Collectively, LGBTQ+ people have a poverty rate of 22% — much higher than the 16% rate for cisgender straight people.
24% of lesbian and bisexual women experience poverty, compared to 19% of heterosexual women.
Among LGBTQ+ community, transgender people have an especially high rate of poverty: 30%.
28% of transgender people say they have experienced discrimination and harassment in accessing health care.
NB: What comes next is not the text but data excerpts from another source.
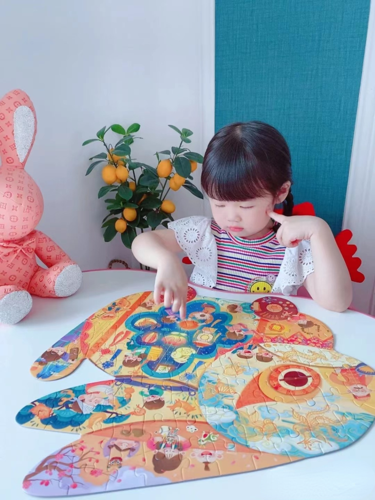 这款拼图是一款艺术拼图融合了中国风和中国传统节日在里面,寓教于乐,能够帮助孩子认识卡片上的文化知识。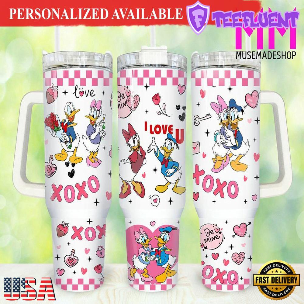 Photos Of Disney Donal Duck Valentines Cartoon 40oz Tumbler with Handle , Gift For Valentine’s Days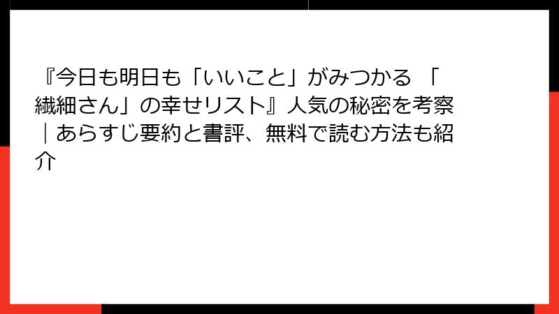 『今日も明日も「いいこと」がみつかる 「繊細さん」の幸せリスト』読者のレビュー・感想・書評まとめ(批判意見も詳しく)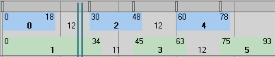 Nesta Vista de trilha - vista Dope Sheet de um movimento de caminhada, os passos são representados por quadrados coloridos, os números de passos aparecem em negrito dentro dos quadrados, entre os quadros inicial e final do passo. Os números entre as caixas coloridas representam a duração do pé no ar.

Transgender people are four times as likely to be living in extreme poverty, making under $10,000 a year.
This makes Medicaid a vital program for the health of LGBTQ+ communities. Thanks to Medicaid expansion, over 500,000 lesbian, bisexual, and gay people gained health care coverage under Medicaid between 2013 and 2016.
Medicaid and Planned Parenthood
Cuts to Medicaid significantly affect Planned Parenthood patients, nearly half of whom get their health care through Medicaid.
Every year, 2.4 million people rely on Planned Parenthood health centers for essential health care services, like birth control and lifesaving cancer screenings. Many of these patients — particularly women of color and people in rural or medically underserved areas — are covered by Medicaid and would have nowhere else to turn to for care, if patients are blocked from using Medicaid to access care at Planned Parenthood.
- States like Texas have suffered serious public health consequences after communities lost access to Planned Parenthood.
- After Texas forfeited its Medicaid family-planning program and created a state-funded program that excluded Planned Parenthood and other similar providers, Texans’ access to women’s health services declined drastically — with as many as 44,890 fewer women accessing health care.
- Despite the Texas program’s failure, a previous administration put federal dollars back into the program in January 2020. This move upended longstanding federal law. Before, the federal government refused to fund state Medicaid programs that aimed to take away the right of Medicaid patients to get care from the reproductive health care provider of their choice.
Attacks on Medicaid — and Women’s Health
Extreme politicians have waged attacks on Medicaid. They have consistently endangered up to 72 million people with Medicaid coverage — who are disproportionately women of color.
These attacks include cutting trillions of dollars from the program, limiting the ability of people to make decisions about their health care, and greenlighting stigmatizing proposals, like work requirements, that cause people to lose coverage.
Medicaid and Work Requirements
Medicaid work requirements are another way that politicians take critical health coverage away from people with low incomes. Prior to COVID-19, these discriminatory requirements caused thousands of people to lose their Medicaid coverage. Several states have adopted, and more states tried to adopt, Medicaid work requirements.
Medicaid work requirements do not help people to find employment and are ineffective in lowering unemployment. Work requirements also push people off of Medicaid. Here’s how:
Work requirement policies force people to work and adhere to frequent, burdensome, detailed reporting in order for them to obtain and keep their Medicaid coverage.
Many people who’d lose Medicaid coverage because of work requirements are actually working or trying to work, but have irregular hours, can’t navigate reporting procedures (often due to lack of internet access and language barriers), or simply do not know about the new requirements.
On top of this, research confirms that Medicaid coverage itself helps individuals to obtain or maintain employment.
Work requirements for Medicaid block access to needed health care and services, particularly for women. Almost two-thirds of those who could lose Medicaid coverage due to work requirements are women. This stems, in part, from the fact that women are more likely to provide informal and undervalued caregiving or have low-wage jobs that do not provide health care coverage.
Why We Must Fight for Medicaid
Without Medicaid, too many Americans — disproportionately women of color — would be unable to access basic health care.